The Dirty Little Secret
reality
It is a myth that the high foreclosure rate is the result of interest rate resets. True, there is a coming tsunami of Options ARMS that will reach their maximum negative amortization, but it is not here yet. Early evidence suggests that somewhere between 40% and 50% will default immediately. But the real problem remains fraud, fraud and more fraud. First in subprime, now in Alt-A.
Buyers — many with Latino surnames — bought homes in new subdivisions in Watsonville for $600,000 to $700,000 with loans that didn’t require proof of income. In the industry, they were known as “no documentation loans.” Biancalana called them “don’t ask-don’t tell loans.”
Emilio Martinez, a private investigator running for City Council in Watsonville, said many Latino borrowers came to him claiming they had been cheated by their mortgage brokers.
But in reviewing the documents, he found that in a majority of cases, the incomes of the borrowers had been inflated to qualify for the loan. One example: a couple employed at a sandwich shop earning $35,360 bought a $628,000 home with 100 percent financing and no down payment.
It is interesting to me that the US, with its extreme religiosity, shows dishonesty on such a massive scale. Lenders are doing everything in their power to avoid recognizing this problem because it is a political and public relations disaster. Also, in many cases, the lenders were guilty of at least turning a blind eye. Although some went even further. Remember the art department? It should be no surprise that extending even more credit to allow borrowers to bring their payments current just puts off the problem.

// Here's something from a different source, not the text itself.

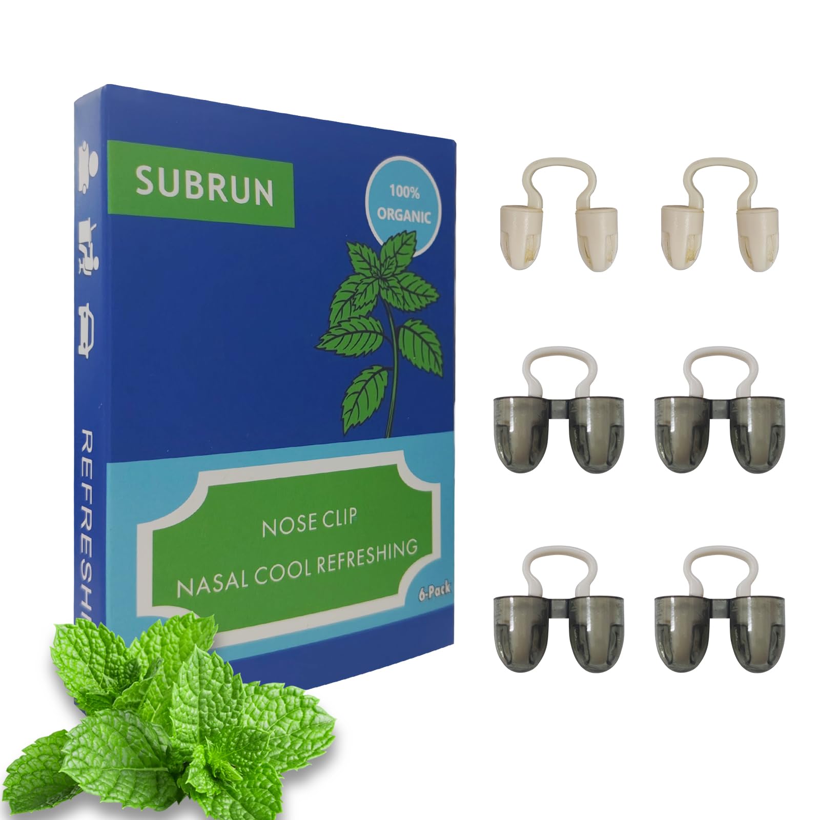 Convenient 6-Pack for On-the-Go Use The hygienic set includes three individually wrapped nose clips, ready when you need them. Keep one in your work bag, another in your car, and a spare in your pocket - ensuring fresh breathing is always within reach. The compact, lightweight design makes them ideal travel companions and practical stocking stuffers. ? 48-Hour Continuous Refreshment Each clip provides long-lasting relief with up to 48 hours of consistent minty freshness. Our advanced slow-release technology ensures effective performance throughout your entire workday or travel period, while the discreet low-profile design remains virtually unnoticeable. Essential Solution for Mask Wearers Specifically developed to improve the mask-wearing experience, these clips are trusted by healthcare professionals, frequent travelers, and anyone who wears masks for extended periods. The cooling vapors help neutralize odors and make breathing more comfortable, transforming your daily mask routine. (For optimal hygiene, each clip is designed for single-user use.). ✓ Ergonomic Design for All-Day Comfort Engineered for maximum effectiveness, SUBRUN's specialized contour fits your nose perfectly, maintaining optimal contact for continuous freshness. The comfortable, non-irritating design stays securely in place during work, travel, or physical activity, unlike generic nose clips that slip or cause discomfort. Instant Refreshment with Natural Peppermint Experience immediate revitalization with SUBRUN's nose clips infused with premium peppermint oil. Our innovative design delivers a dual-action effect - gently opening nasal passages while releg refreshing menthol vapors to combat fatigue, mask discomfort, and stale air during extended wear.
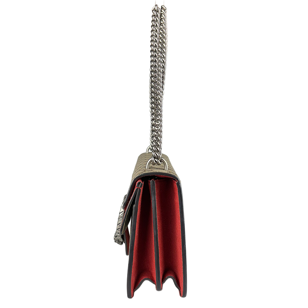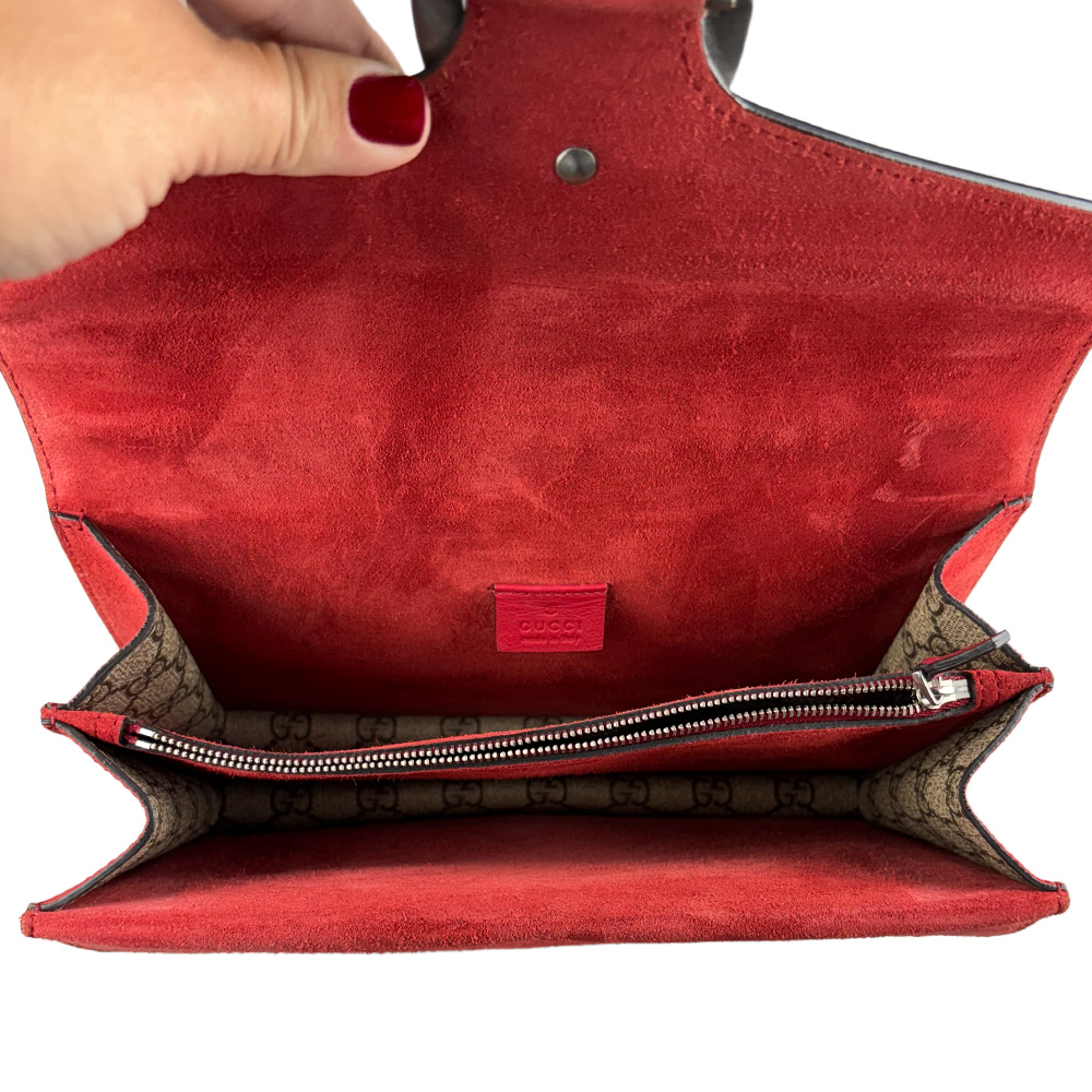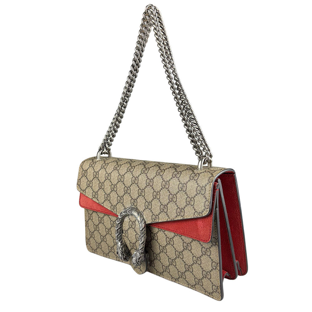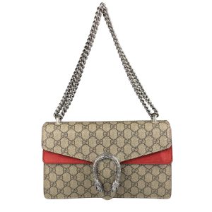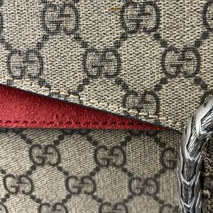 - Criada por Alessandro Michele em 2015, a bolsa Gucci Dionysus reflete a proposta de integrar a herança da marca a uma estética contemporânea e eclética. O fecho em formato de cobra com cabeça de tigre, com cristais, faz referência ao mito do deus Dioniso – deus grego do vinho, teatro e celebração, que cruzou o rio Tigre montado em um tigre enviado por Zeus.

Posted in Government, Manias, Real Estate, Rogues and Rascals |
August 11th, 2008 at 11:01 am
Good post, as is often case. A friend of a friend was in a retail office at one of the national banks in one of the bubble regions. This person freely described their job (done as the higher ups requested) as “making loans to Mexicans that they can’t pay off”. Some so-called “Conservatives” bemoan regulation and government meddling in the economy, but much of our current problems come from failure to simply enforce widely accepted laws. There really is a middle way with this stuff, between massive intervention and economic anarchy, it’s called enforcement.